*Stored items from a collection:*
= Beginning of Section =
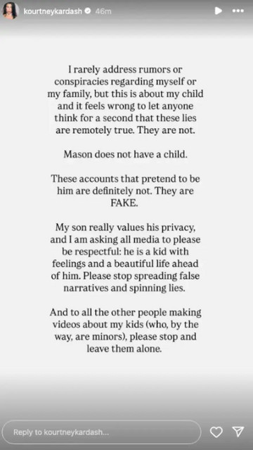 Η τηλεπερσόνα και influencer, έχοντας αγανακτήσει από τη συνεχιζόμενη διάδοση ψευδών ειδήσεων, έγραψε στον προσωπικό της λογαριασμό στο Instagram: «Σπάνια σχολιάζω φήμες ή θεωρίες συνωμοσίας για εμένα και την οικογένειά μου, αλλά αυτή τη φορά αφορά το παιδί μου και αισθάνομαι ότι είναι λάθος να αφήσω οποιονδήποτε να πιστέψει, έστω και για ένα δευτερόλεπτο, ότι αυτά τα ψέματα είναι αληθινά. Δεν είναι». Η ίδια ξεκαθάρισε ότι ο Μέισον δεν έχει παιδί και πως όλοι οι λογαριασμοί που παριστάνουν ότι είναι εκείνος είναι ψεύτικοι.
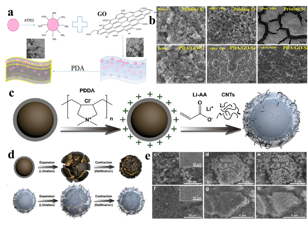 硅具有高的理論儲鋰容量(3579mAhg-1),使其成為高比容量鋰離子電池倍具希望的負極材料。然而,低電導率、嚴重的體積效應和不穩定的固體電解質界面(SEI)等問題限制了Si負極在鋰離子電池中的應用。近年來,在電極材料設計和電池體系兩個方面已報道了許多有效策略來應對上述挑戰,例如活性顆粒納米化、表面包覆、合金化材料、構筑核殼結構、構建硅碳(Si/C)復合結構以及預鋰化、使用電解液添加劑和功能性黏合劑等(圖1)。
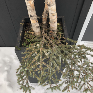 I usually separate my piles of cut greenery into short pieces and long pieces. I use the long pieces first to start the bottom layer of the planter, filling in so that you cover the soil (or snow) and the lip of the planter entirely. Then I use my short pieces to fill in the gaps making it look full.
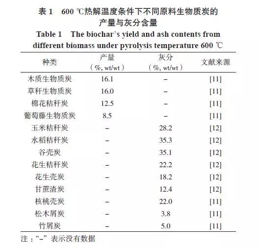 同樣的熱解溫度條件下,不同的炭化材料制備的生物質(zhì)炭性質(zhì)不同。600 ℃條件制備的木質(zhì)生物質(zhì)炭、草稈生物質(zhì)炭、棉花秸稈生物質(zhì)炭和葡萄藤生物質(zhì)炭產(chǎn)量相比,木質(zhì)生物質(zhì)炭和草稈生物質(zhì)炭的產(chǎn)量16.1%(wt/wt)較高,而葡萄藤生物質(zhì)炭的產(chǎn)量8.5%(wt/wt)較低(表1)。生物質(zhì)炭的產(chǎn)量指風(fēng)干生物質(zhì)熱解炭化后的干重,主要與生物質(zhì)中的纖維素和木質(zhì)素含量有關(guān)。同樣的溫度條件下,不同來源生物質(zhì)炭的灰分含量變化較大,秸稈類生物質(zhì)炭的灰分含量較高22.2%~35.1%(wt/wt),而木炭和竹炭的灰分含量較低3.8%~5.0% (wt/wt)。一般來說,木本科的生物質(zhì)炭含碳量較高,礦質(zhì)養(yǎng)分較少;畜禽糞便和草本植物生產(chǎn)的生物質(zhì)炭含碳量較低,礦質(zhì)元素含量較高。
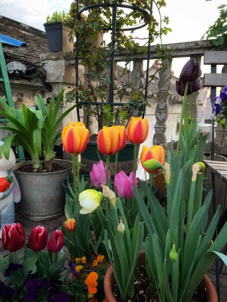 首先介绍一下整个露台分为上下两部分,起初只想打造上半个露台,朋友说下面的你肯定也会慢慢的拓展,所以就有了今天露台的面貌!也感谢小伙伴和我一起打理!都说经过了一个寒冬会迎来春暖花开,可是貌似今年的冬天一点儿也不冷,你看,露台上的早春新款,郁金香,葡萄风信子早早的就跟我来报道啦!以至于朋友们以为我生活在无锡的南方!
= End of Section =
From the first line of the entries down to the line with "I usually separate", print each line exactly; omit any picture.

 Η τηλεπερσόνα και influencer, έχοντας αγανακτήσει από τη συνεχιζόμενη διάδοση ψευδών ειδήσεων, έγραψε στον προσωπικό της λογαριασμό στο Instagram: «Σπάνια σχολιάζω φήμες ή θεωρίες συνωμοσίας για εμένα και την οικογένειά μου, αλλά αυτή τη φορά αφορά το παιδί μου και αισθάνομαι ότι είναι λάθος να αφήσω οποιονδήποτε να πιστέψει, έστω και για ένα δευτερόλεπτο, ότι αυτά τα ψέματα είναι αληθινά. Δεν είναι». Η ίδια ξεκαθάρισε ότι ο Μέισον δεν έχει παιδί και πως όλοι οι λογαριασμοί που παριστάνουν ότι είναι εκείνος είναι ψεύτικοι.
 硅具有高的理論儲鋰容量(3579mAhg-1),使其成為高比容量鋰離子電池倍具希望的負極材料。然而,低電導率、嚴重的體積效應和不穩定的固體電解質界面(SEI)等問題限制了Si負極在鋰離子電池中的應用。近年來,在電極材料設計和電池體系兩個方面已報道了許多有效策略來應對上述挑戰,例如活性顆粒納米化、表面包覆、合金化材料、構筑核殼結構、構建硅碳(Si/C)復合結構以及預鋰化、使用電解液添加劑和功能性黏合劑等(圖1)。
 I usually separate my piles of cut greenery into short pieces and long pieces. I use the long pieces first to start the bottom layer of the planter, filling in so that you cover the soil (or snow) and the lip of the planter entirely. Then I use my short pieces to fill in the gaps making it look full.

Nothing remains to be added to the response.